Topics with a Transaction Log
In order to work with Flink's checkpointing, the AMPS Source needs to be able to records its state and perform message replay. The source combines bookmarks and Flink's checkpointing to provide at least once delivery guarantees. If the source subscribes to a topic with a transaction log and checkpointing is enabled, then at least once delivery guarantee is achieved.
Basically, sources will store the most recent bookmark, and if a failure occurs, the subscription will resume from that stored bookmark, which provides fault tolerance for the AMPS Source.
An AMPS Source that works with Flink's checkpointing can be constructed similar to the following:
AMPSSource<String> source = AMPSSource.<String>builder()
.setUri(uri)
.setTopic(topic)
.setDeserializationSchema(new SimpleStringSchema())
.setBookmark("0") // EPOCH bookmark
.setDeliveryGuarantee(DeliveryGuarantee.AT_LEAST_ONCE) // Makes the source use a BookmarkStore to work with Flink's checkpointing
.build();
The above example uses a Memory Bookmark Store that is set up internally to coordinate bookmarks with Flink's checkpoints. Any implementation of a Bookmark Store can be used. Refer to the builder methods to see an overview of all options when constructing an AMPS Source.
An AMPS Source discards bookmarks on checkpoint completion by default. This means that checkpointing should be enabled if a Bookmark Store is used. Otherwise, bookmarks will not be discarded, and the JVM will eventually run out of memory. Alternatively, an AMPS Source can be configured to discard bookmarks when the source emits a record to Flink.
Message Queues
The AMPS Source supports both "at-least-once" and "at-most-once" queues, and due do the differing queue semantics, they both acknowledge messages at different times.

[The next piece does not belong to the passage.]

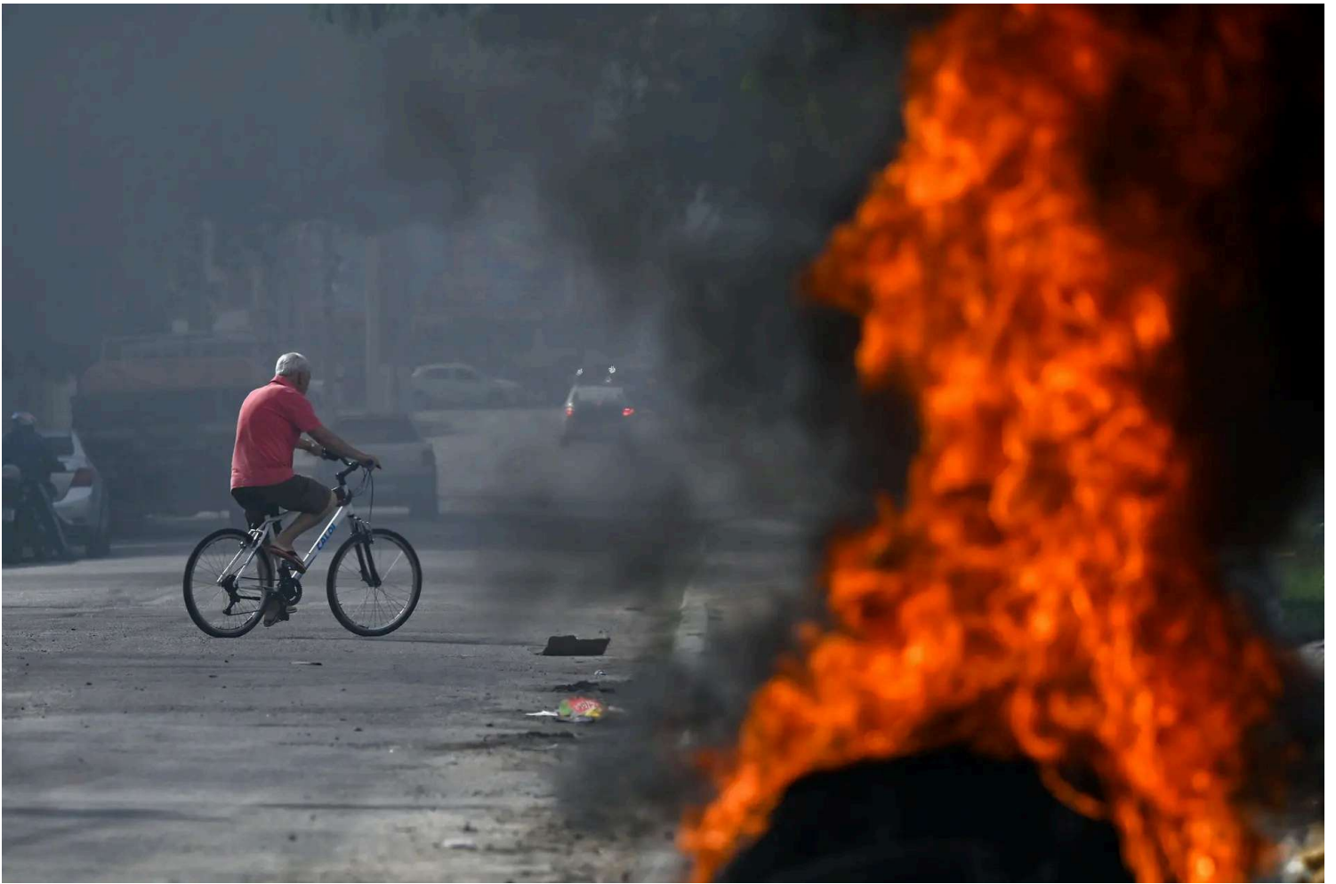
A man rides a bicycle past burning tires during an operation targeting drug trafficking at Cidade Alta favela, part of the Israel Complex, in Rio de Janeiro, Brazil, on June 10, 2025.

For an "at-most-once" queue, messages are acknowledged when an AMPS Source emits a message to Flink. This means that checkpointing is not required for an "at-most-once" queue to properly function.

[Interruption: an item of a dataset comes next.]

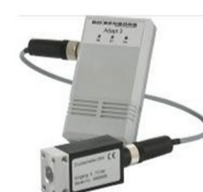
Fig. 3 programming adapter

However, unlike "at-most-once" queues which do not require checkpointing, "at-least-once" queues need Flink's checkpointing to guarantee each message is processed at least once. Instead of discarding bookmarks, the source acknowledges messages on checkpoint completion. If a checkpoint fails to complete or a failure occurs, messages from the source are canceled and returned to the queue in AMPS.

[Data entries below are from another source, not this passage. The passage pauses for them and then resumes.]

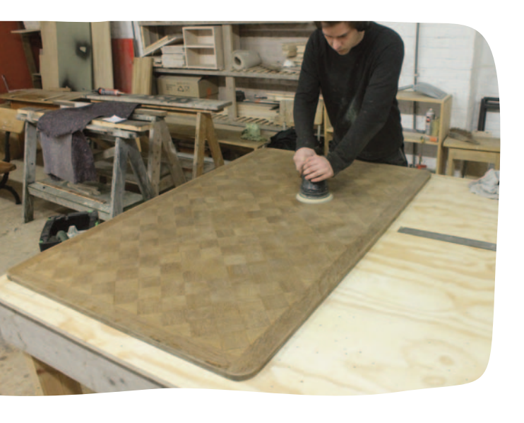
Recup Design Workshop, sanding wooden surface

various levels of toxicity and strength, which for the sake of the environment and personal health we discourage the use of. Instead of erasing traces of wear, embracing such characteristics can add a lot to the quality and the meaning of the design.<sup>1</sup>
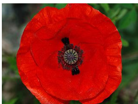
Papaver rhoeas Poppy
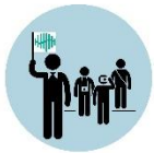
Tour Waiting Area
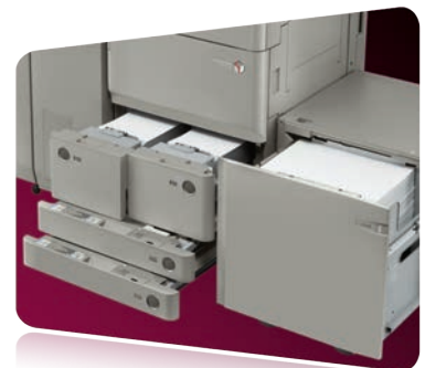
7,700-sheet maximum paper capacity
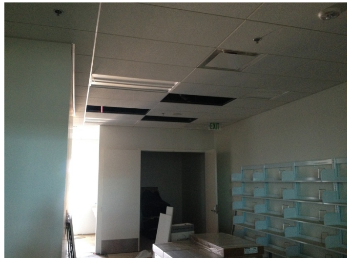
Date: 06/24/16 Progress of acoustic ceiling tile installation in the book drop off room.

An AMPS Source that subscribes to a queue can be constructed similar to the following:
AMPSSource<String> source = AMPSSource.<String>builder()
.setUri(uri)
.setTopic(topic)
.setDeserializationSchema(new SimpleStringSchema())
.setQueueSemantics("at-least-once") // Required
.setMaxBacklog(20) // Optional
.setAckBatchSize(5) // Optional
.setAckTimeout(5000) // Optional
.build();
Checkpointing must be enabled if the source is subscribing to an "at-least-once" queue. Otherwise, the source will only receive the amount of messages specified in max backlog as it will never acknowledge the messages that it received.